中でも、函欠け本のみならず最初から函がついていない本のために、自分でオリジナルの函を製作するという章や、短編小説をコピーして製本し、豆本を作るという章がことさら俺の琴線に触れた。著者が試みて結局断念したという、所蔵の乱歩本をひたすら列挙する…というエッセイに代表されるような、書をインデックス化し、それによって浮かび上がってくる、著者の収集力・収集傾向等を楽しむ、というのも勿論いい事であるが、先に述べたような章は本を実体的な存在として愛でる、という姿勢が強く見られ、それが俺にとって微笑ましかった。

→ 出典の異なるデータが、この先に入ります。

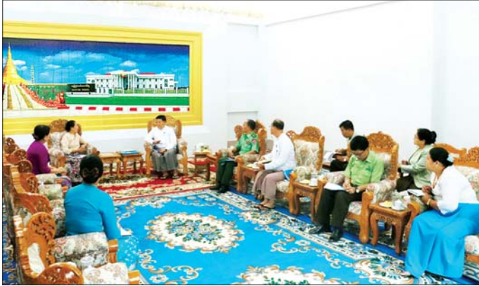
စာကြည့်တိုက်များ ဖွင့်လှစ်ပေးနိုင်ရန်ကူညီပံ့ပိုးရေး၊ ကျောင်းနေအရွယ်ကလေးငယ်များ ကျောင်းနေနိုင်ရေး၊ အမျိုးသမီးများ စီးပွားရေးလုပ်ငန်းများတွင် ပါဝင်နိုင်ရေးနှင့် အလုပ်အကိုင်အခွင့်အလမ်းရရှိရေး စသည်တို့ကို ဆောင်ရွက်သွားမည်ဖြစ်ပြီး ဒေသသုံးခုရှိ ကျေးရွာများတွင် ကနဦးဆောင်ရွက်မည်ဖြစ်၍

နေပြည်တော် ဧပြီ ၂၇ အမျိုးသမီးရေးရာဝန်ကြီးဌာန ပြည်ထောင်စုဝန်ကြီး ဒေါက်တာသက်စင်သည် နေပြည်တော် ကောင်စီဥက္ကဋ္ဌ ဦးကျော်စွာနှင့် နေပြည်တော် ကောင်စီဥက္ကဋ္ဌ ဦးကျော်စွာနှင့် တွေ့ဆုံ၍ နေပြည်တော်အတွင်းရှိ ကျေးလက်နေအမျိုးသမီး ဖွံ့ဖြိုးတိုးတက်ရေးအတွက် ရှေ့ပြေးစီမံကိန်းနှင့် ပတ်သက်၍ တွေ့ဆုံဆွေးနွေးသည်။ တွေ့ဆုံစဉ် ပြည်ထောင်စုဝန်ကြီးက အမျိုးသမီးများနှင့် အမျိုးသမီးငယ်ရွယ်များ ဖွံ့ဖြိုးတိုးတက်ရေးအတွက် လက်ရှိဆောင်ရွက်နေသော လုပ်ငန်းများ အနက်မှ ကျေးလက်နေအမျိုးသမီးများ ဖွံ့ဖြိုးတိုးတက်ရေးကို အရှိန်အဟုန်ဖြင့် ဆောင်ရွက်ရာတွင် နေပြည်တော်ကောင်စီ ပြည်ထောင်စုနယ်မြေ၊ မန္တလေးတိုင်းဒေသကြီးနှင့် ရှမ်းပြည်နယ်စသည့် ဒေသသုံးခုရှိ ကျေးလက်နေ အမျိုးသမီးများအတွက် ဦးစားပေးဆောင်ရွက်ရန် စီမံကိန်းရေးဆွဲထားကြောင်း၊ စီမံကိန်းတွင် စာဖတ်ရရှိနိုင်စေရန်၊ ကျေးလက်

『古本マニア~』と共通して取り上げられている話題として「デパートの古書市」に関する話があった。このへんに関しては『古本マニア~』に載っている「前の年に故障したエレベータの前には誰も並ばない」「エレガが『10階(古書市会場)の他にご利用される階はございますか』と問う、『ないよ、ない!みんな10階!』という答えがどこからともなく返ってくる――ところが、乗っていた一人のおばちゃんが『わたし、6階』と言った、その刹那エレベータ内に重い溜め息が流れ、場の色が変わった」というエピソードのほうが俺好みではある。とはいえむろん本書がつまらないということではない。コギャルとデパート店員の間にかわされたという、
- コギャル
- 「なんの列ですかー?」
- 店員
- 「こ、古書ですけど」
- コ
- 「古書ってなんですかー?」
- 店
- 「……ほん……古本ですけど……」
- コ
- 「ああ、古本の古書かー。(引用者注:連れ合いにむかって)どうするー?並ぶー?
というやりとりが素敵すぎる。
巻末の座談会で彩古氏が述べた「もともとはSFから集め始めたんだけど、SFは本が少ないじゃない。それで買うものがなくなってしまって、仕方なくミステリを集め始めた」という言葉が俺の胸をざわつかせた。SFを集め終わったならばそれで完結してもよさそうなものだと俺のような素人は思うが、でも「仕方なく」集めてしまうものなのだな。本を「買う」でなくて「集める」という動詞が使われる点も凄みを感じさせる。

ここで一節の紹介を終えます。